All the data that follows should be repeated exactly, without a single picture.

Input data START

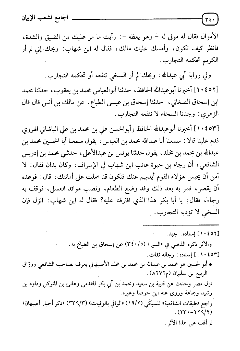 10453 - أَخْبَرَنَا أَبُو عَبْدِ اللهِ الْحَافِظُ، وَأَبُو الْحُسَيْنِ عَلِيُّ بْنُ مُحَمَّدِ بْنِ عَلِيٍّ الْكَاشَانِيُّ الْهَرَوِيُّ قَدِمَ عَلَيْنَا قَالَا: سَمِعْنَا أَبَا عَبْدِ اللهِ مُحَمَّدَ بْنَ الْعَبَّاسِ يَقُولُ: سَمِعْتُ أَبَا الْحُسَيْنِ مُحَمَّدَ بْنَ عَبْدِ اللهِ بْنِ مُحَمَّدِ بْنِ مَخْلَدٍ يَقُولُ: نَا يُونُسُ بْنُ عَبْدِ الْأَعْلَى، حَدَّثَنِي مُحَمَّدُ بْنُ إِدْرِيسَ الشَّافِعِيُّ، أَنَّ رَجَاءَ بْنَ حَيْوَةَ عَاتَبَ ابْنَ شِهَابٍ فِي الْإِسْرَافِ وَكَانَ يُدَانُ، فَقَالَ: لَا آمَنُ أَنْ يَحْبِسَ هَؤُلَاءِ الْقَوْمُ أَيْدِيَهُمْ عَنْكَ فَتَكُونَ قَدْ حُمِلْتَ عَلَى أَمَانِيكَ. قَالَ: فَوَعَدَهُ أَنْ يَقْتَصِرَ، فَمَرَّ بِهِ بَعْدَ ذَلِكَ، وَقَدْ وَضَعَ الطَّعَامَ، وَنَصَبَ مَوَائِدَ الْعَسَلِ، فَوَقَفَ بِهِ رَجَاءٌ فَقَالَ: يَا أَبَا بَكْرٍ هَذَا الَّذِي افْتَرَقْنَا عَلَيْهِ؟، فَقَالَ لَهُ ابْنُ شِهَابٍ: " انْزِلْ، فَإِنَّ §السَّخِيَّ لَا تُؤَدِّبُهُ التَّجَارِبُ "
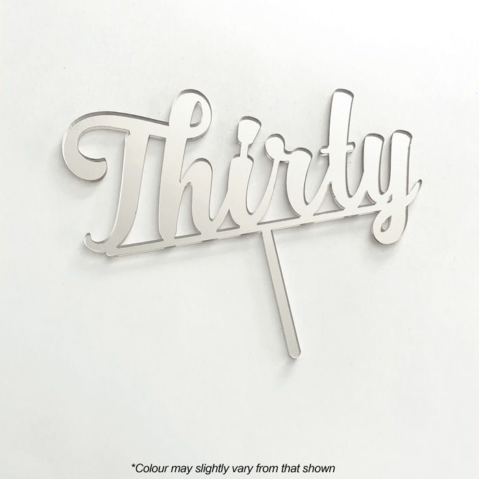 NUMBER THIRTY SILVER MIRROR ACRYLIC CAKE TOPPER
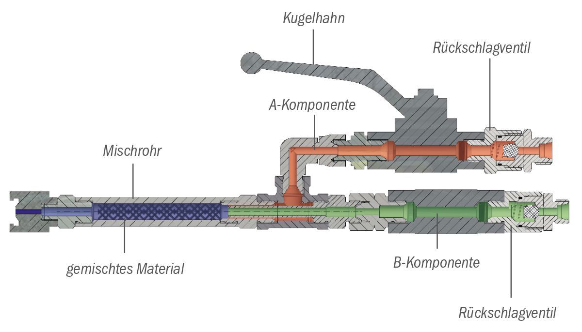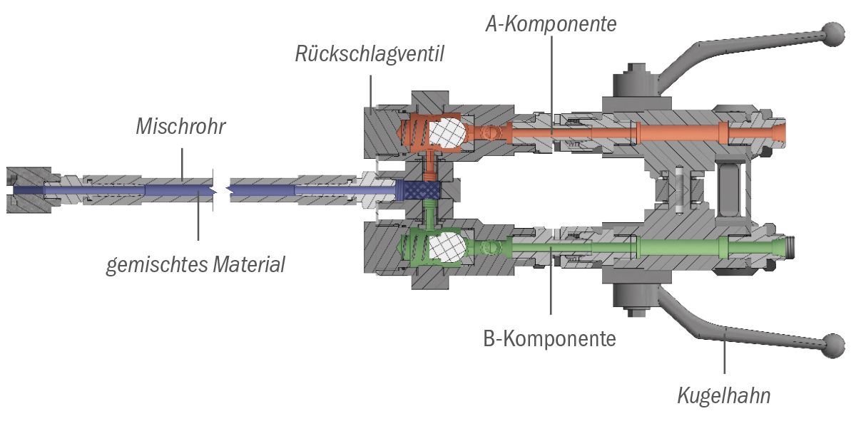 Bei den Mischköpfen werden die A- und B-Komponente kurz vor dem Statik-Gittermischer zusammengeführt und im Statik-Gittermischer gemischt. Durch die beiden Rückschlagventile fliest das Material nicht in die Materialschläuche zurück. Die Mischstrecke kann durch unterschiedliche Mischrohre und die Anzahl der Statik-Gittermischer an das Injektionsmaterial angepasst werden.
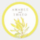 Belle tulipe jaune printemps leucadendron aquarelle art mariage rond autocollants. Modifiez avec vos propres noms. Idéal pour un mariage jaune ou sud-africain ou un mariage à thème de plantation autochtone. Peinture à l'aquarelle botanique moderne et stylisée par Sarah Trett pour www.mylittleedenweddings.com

Input data END

= Finished exercise =
 10453 - أَخْبَرَنَا أَبُو عَبْدِ اللهِ الْحَافِظُ، وَأَبُو الْحُسَيْنِ عَلِيُّ بْنُ مُحَمَّدِ بْنِ عَلِيٍّ الْكَاشَانِيُّ الْهَرَوِيُّ قَدِمَ عَلَيْنَا قَالَا: سَمِعْنَا أَبَا عَبْدِ اللهِ مُحَمَّدَ بْنَ الْعَبَّاسِ يَقُولُ: سَمِعْتُ أَبَا الْحُسَيْنِ مُحَمَّدَ بْنَ عَبْدِ اللهِ بْنِ مُحَمَّدِ بْنِ مَخْلَدٍ يَقُولُ: نَا يُونُسُ بْنُ عَبْدِ الْأَعْلَى، حَدَّثَنِي مُحَمَّدُ بْنُ إِدْرِيسَ الشَّافِعِيُّ، أَنَّ رَجَاءَ بْنَ حَيْوَةَ عَاتَبَ ابْنَ شِهَابٍ فِي الْإِسْرَافِ وَكَانَ يُدَانُ، فَقَالَ: لَا آمَنُ أَنْ يَحْبِسَ هَؤُلَاءِ الْقَوْمُ أَيْدِيَهُمْ عَنْكَ فَتَكُونَ قَدْ حُمِلْتَ عَلَى أَمَانِيكَ. قَالَ: فَوَعَدَهُ أَنْ يَقْتَصِرَ، فَمَرَّ بِهِ بَعْدَ ذَلِكَ، وَقَدْ وَضَعَ الطَّعَامَ، وَنَصَبَ مَوَائِدَ الْعَسَلِ، فَوَقَفَ بِهِ رَجَاءٌ فَقَالَ: يَا أَبَا بَكْرٍ هَذَا الَّذِي افْتَرَقْنَا عَلَيْهِ؟، فَقَالَ لَهُ ابْنُ شِهَابٍ: " انْزِلْ، فَإِنَّ §السَّخِيَّ لَا تُؤَدِّبُهُ التَّجَارِبُ "
 NUMBER THIRTY SILVER MIRROR ACRYLIC CAKE TOPPER
 Bei den Mischköpfen werden die A- und B-Komponente kurz vor dem Statik-Gittermischer zusammengeführt und im Statik-Gittermischer gemischt. Durch die beiden Rückschlagventile fliest das Material nicht in die Materialschläuche zurück. Die Mischstrecke kann durch unterschiedliche Mischrohre und die Anzahl der Statik-Gittermischer an das Injektionsmaterial angepasst werden.
 Belle tulipe jaune printemps leucadendron aquarelle art mariage rond autocollants. Modifiez avec vos propres noms. Idéal pour un mariage jaune ou sud-africain ou un mariage à thème de plantation autochtone. Peinture à l'aquarelle botanique moderne et stylisée par Sarah Trett pour www.mylittleedenweddings.com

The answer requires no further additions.